What This Runbook Cannot Prove
This workflow is useful, but it has limits.
- It does not prove the original caller would behave the same way again. A regression test recreates the failure pattern, not the entire human context.
- It does not replace production monitoring. Tests catch known patterns. Monitoring catches new failures and tells you what deserves the next test.
- It does not make unsafe writes safe by default. Any test that can book, charge, transfer, delete, or notify needs sandboxing or explicit allowlists.
- It does not remove human review. Some calls are ambiguous. Keep those manual until the expected behavior is crisp enough to automate.
I used to think the hardest part was generating the test case. It is not. The hard part is preserving enough evidence that the test still means something 6 months later, after the prompt, tool schema, and owner have all changed.

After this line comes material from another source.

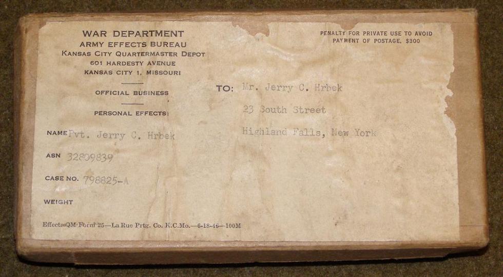 | PVT Jerry C. Hrbek Personal Effects Box, above photo. This box was sent by the War Department Army Effects Bureau, Kansas City Quartermaster Depot, 601 Hardesty Avenue, Kansas City 1, Missouri to Mr. Jerry C Hrbek, 23 South Street, Highland Falls New York. The box lists the Name: Pvt. Jerry C. Hrbek, ASN 32809839, Case No. 798825-A on Effects QM Form 25 - La Rue Prtg. Co. K.C. Mo. - 6-18-46 - 100M The cardboard box contained the personal effects from Private Hrbek after he was Killed in Action on Okinawa. |

Failed-Call Promotion Checklist
Before a failed production call becomes part of the regression suite or a broader production readiness checklist, check every item:
- The source call ID, agent version, and detection reason are stored.
- The caller data is redacted or replaced with a safe fixture.
- The test has one primary failure label.
- The fixture recreates the failure without touching real customer records.
- Tool-call assertions include name, arguments, order, result, and forbidden calls where relevant.
- Side-effect assertions verify the backend result, not just transcript text.
- The promotion level is
blocking,scheduled, ormanual. - The owner is a team that can fix failures.
- The test stores evidence for failed runs.
- The test links back to the incident, monitoring alert, or coverage cluster that created it.
Pair this with incident response after customer-impacting failures. Pair it with voice agent troubleshooting when you still do not know the root cause. Pair it with hallucination detection when the failure is an unsupported or unsafe answer.
The loop is simple: production teaches you what broke, testing prevents the same break from returning, and CI decides which fixes are important enough to block.